Do you remember how we used to play? How we extended each other? How we brought your imagination to bear on those willing to listen?
Distant, longer days and nights alive with the bending of boundaries. Souls cast out into the glare of a single spotlight, thrown upon the collective mercy of the gathered few.
We do not belong here. Barricaded in this graveyard of youth by the transient clutter of lives that have altered.
And yet we remain. Strings broken. Necks unbowed. Settled amongst the dust.
Waiting for you to remember.
Waiting for the next dreamer in line.
Story footnote: A moment of inspiration.
The guitars you see in the header photo are 50% mine.

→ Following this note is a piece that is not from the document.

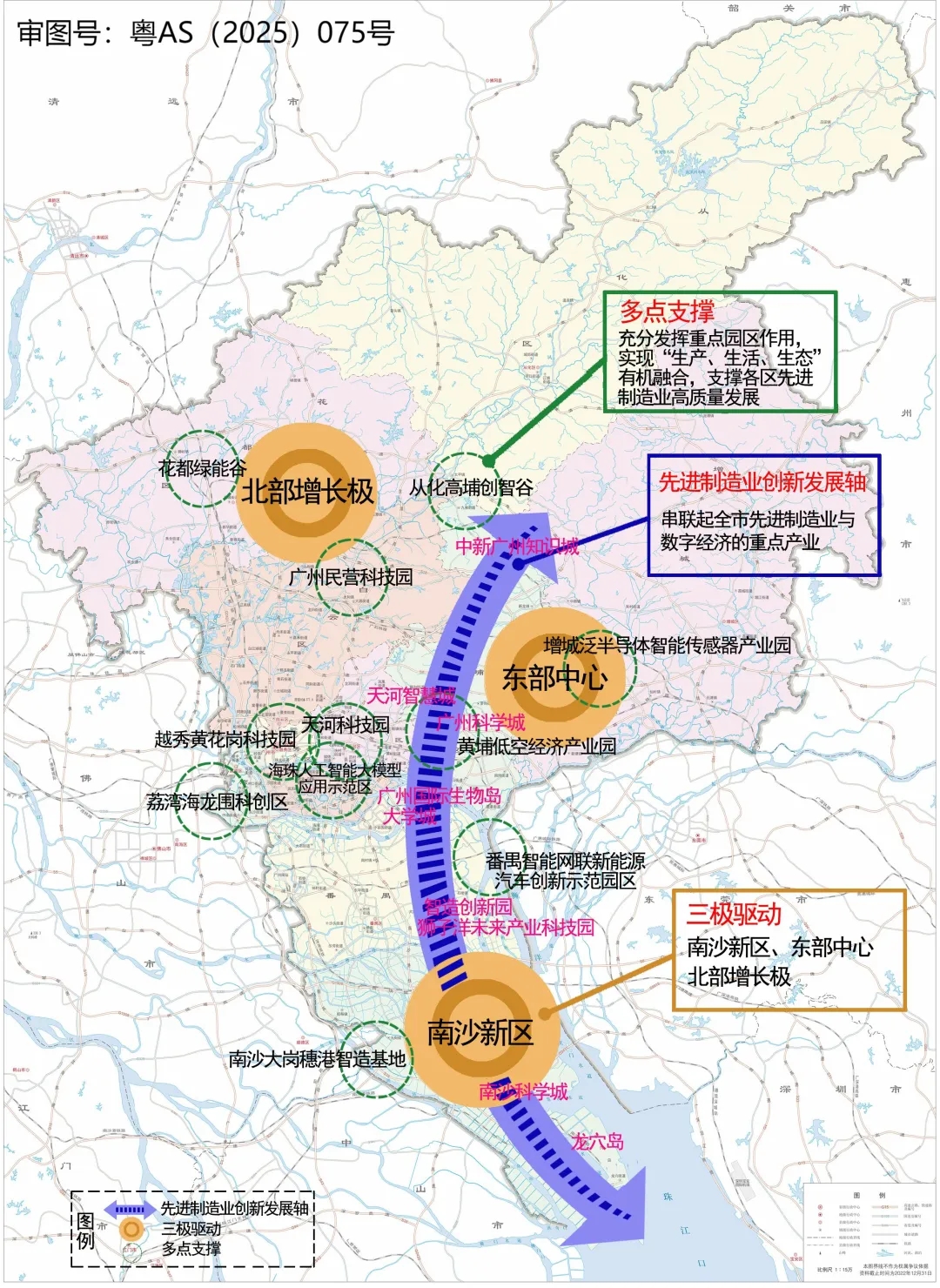 “三极”,即以南沙新区、东部中心、北部增长极为先进制造业基地重要承载区,集聚创新型企业、创新型技术、创新型人才,增强产业链韧性,辐射带动各区制造业向高端化、智能化、绿色化发展。

What I mean is, two of the four are mine. I don’t have six month timeshare custody of all four. That would be weird.
The Fender acoustic in the front with the broken string is my most recent personal purchase. It got damaged about a year ago when a small child (not one of mine for once) fell into it and sheared off a tuning key. I’ve been meaning to get it fixed but life keeps getting in the way.
The Washburn electric on the right is the cheaper of the two Nuno Bettencourt models they released twenty-odd years ago. We shared a lot of gigs and studio time together once upon a history.
The tiny acoustic on the left belongs to my son, and the backwards strung acoustic in the middle belongs to my wife. I still hope one day when they learn we’ll all jam together. On something easy so I can keep up.
Missing from the picture are my two prized possessions. My Gibson Les Paul Studio (which I no longer have any right to own given my lack of playing) and my 100% custom original black and white Washburn. I say black and white because it was black and now it is white.
Like most (all) guitarists I had a moment where I decided I would sand my guitar down and respray it. Translated this means I will partially take it apart, partially sand it down, realise it’s a long and difficult job and then leave it in bits for years. Luckily for me I am blessed with the best brother a man could wish for and he got it fixed up, resprayed and reanimated. Even better than that he gave it to me as a present for being best man at his wedding. Where it was being played by the guitarist in his band. The same band that he and his wife drummed and sang respectively in as part of the wedding day. Rock and roll, people.
Suffice to say if I was only allowed to keep one, the Gibson is toast.
As I sat down to write tonight I saw the guitars in the corner of the room and they spoke to me. I got some memories and the thought that maybe I need to start playing again. You got a story.